Concert Reservation Service
2024-10-05 — 2024-11-30
Concert seat reservation service resolving concurrency across seat locking, payments, and point charging under 10K concurrent requests — hybrid locking strategy (optimistic + Redisson distributed lock), 15x TPS improvement via Redis caching, Kafka event-driven architecture, K6 load test-driven optimization
System Architecture
Problem Solving
Risk of double-booking under 10K concurrent seat reservation requests
Compared pessimistic, optimistic, and distributed locks via K6; selected @Version optimistic lock optimal for single-row contention
50% reservation latency improvement (1,678ms → 835ms), zero double-bookings
Balance integrity corruption under concurrent point charging and payments
Analyzed infinite retry risk of optimistic lock; applied Redisson distributed lock (userWalletLock:{userId}) for per-user serialization
100% balance consistency under concurrent charge/payment scenarios
Concert/seat query TPS only 100, causing DB bottleneck at reservation open
Implemented layered caching strategy combining Redis cache with DB index optimization
TPS 100 → 1,500 (15x improvement), 94% DB query reduction
Payment/notification tightly coupled via synchronous calls after reservation
Kafka Transactional Outbox: outbox_event inserted within TX, scheduler publishes asynchronously
Eliminated coupling, prevented message loss, enabled independent scaling
Project Description
A project that resolved concurrency issues in high-traffic environments using multiple locking strategies (pessimistic, optimistic, and Redis distributed locks), selecting the optimal approach per scenario.

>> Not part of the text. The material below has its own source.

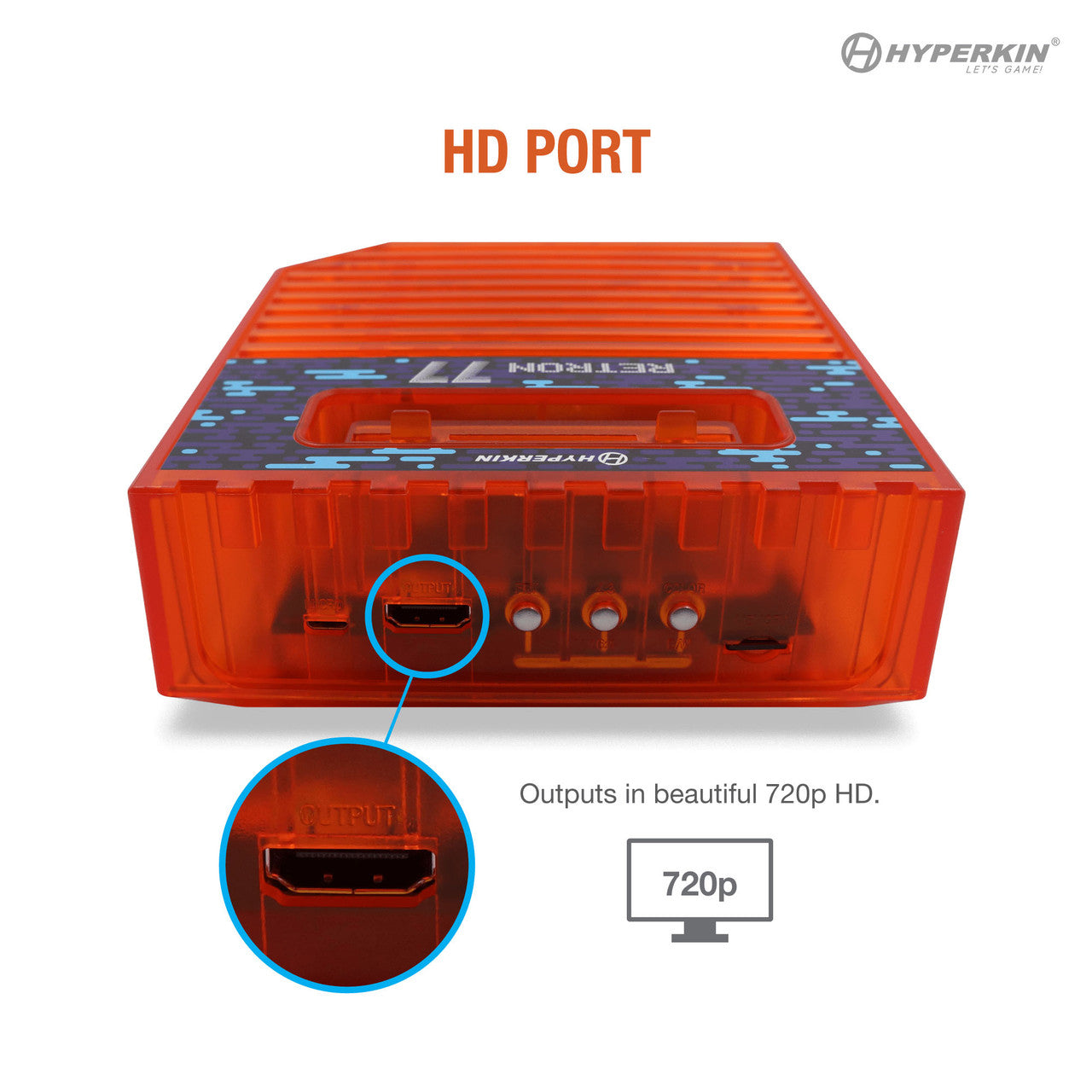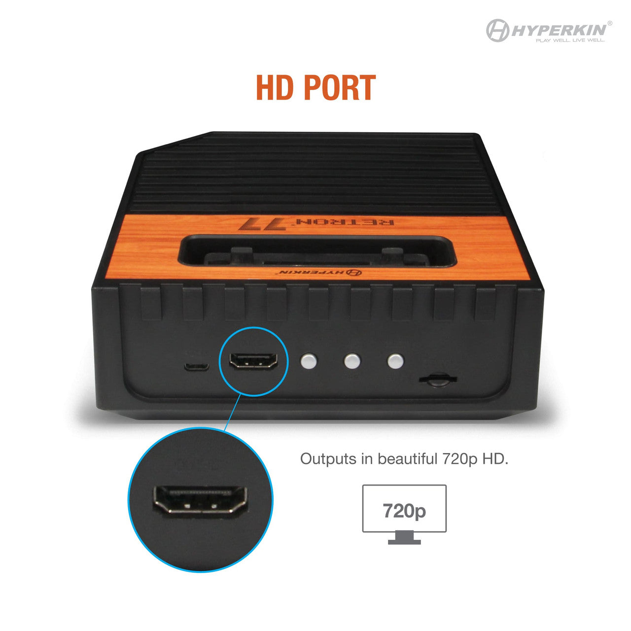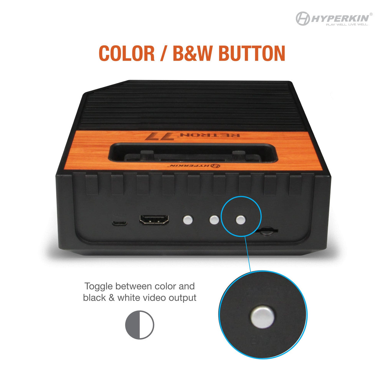 Step back in time to the grooviest era of gaming with the Hyperkin RetroN 77. This console expertly plays your treasured 2600™ cartridges, bringing them to life in stunning 720p HD. Enjoy pixel-perfect fun with slick wood paneling and smart save states. Its on-board mode select offers ultimate control over your retro adventures. A 6 ft. Micro cable powers your journey into nostalgia. The included two-button, ambidextrous controller ensures comfortable gameplay. Plus, your original joysticks and paddles are fully compatible. Get ready for a happening pixel party!

Designed a hybrid strategy applying optimistic locks for seat reservation and Redisson-based distributed locks for point charging and payments. Optimized read performance through Redis caching and DB indexing, and reduced system coupling with Kafka-based event-driven architecture. Experienced the full cycle of identifying and resolving performance bottlenecks through K6 load testing.
Highlights
- 50% seat reservation response time improvement with optimistic locking (10K concurrent)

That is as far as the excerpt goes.